In deze uitspraak van de Rechtbank Zeeland-West-Brabant, gedateerd 19 januari 2023, staat de huurtoeslag van eiseres centraal. Eiseres had in 2019 huurtoeslag aangevraagd, maar de Belastingdienst/Toeslagen had haar recht op huurtoeslag definitief vastgesteld op € 1.220,-. Eiseres was van mening dat zij recht had op een hogere huurtoeslag, omdat zij samenwoonde met haar ex-man, die in de maanden januari tot en met april 2019 als haar toeslagpartner zou moeten worden aangemerkt.

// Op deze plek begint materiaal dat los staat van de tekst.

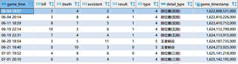 我原本的思路是用Python模拟请求,然后将数据处理完成之后存到数据库中。目前需要的数据主要有三个:一个是账号的总体数据,一个是英雄数据,最后是战斗数据。

De rechtbank behandelt het beroep van eiseres tegen het besluit van de Belastingdienst/Toeslagen, dat haar bezwaar tegen het primaire besluit ongegrond had verklaard.
De rechtbank overweegt dat de Belastingdienst/Toeslagen de heer [naam echtgenoot] in de maanden januari tot en met april 2019 niet als toeslagpartner heeft aangemerkt, omdat hij niet ingeschreven stond op het adres van eiseres in de Basisregistratie Personen (BRP). Eiseres heeft niet kunnen aantonen dat haar ex-man feitelijk bij haar woonde in die periode. De rechtbank wijst erop dat het aan eiseres is om verifieerbare gegevens te overleggen die haar stelling ondersteunen. De rechtbank concludeert dat de Belastingdienst/Toeslagen terecht heeft gehandeld door de heer [naam echtgenoot] niet als toeslagpartner aan te merken voor de huurtoeslag in de betreffende maanden.
Uiteindelijk verklaart de rechtbank het beroep van eiseres ongegrond en bevestigt het bestreden besluit van de Belastingdienst/Toeslagen. Er zijn geen redenen voor een proceskostenveroordeling. De uitspraak is openbaar gemaakt en partijen zijn geïnformeerd over hun mogelijkheden om in hoger beroep te gaan.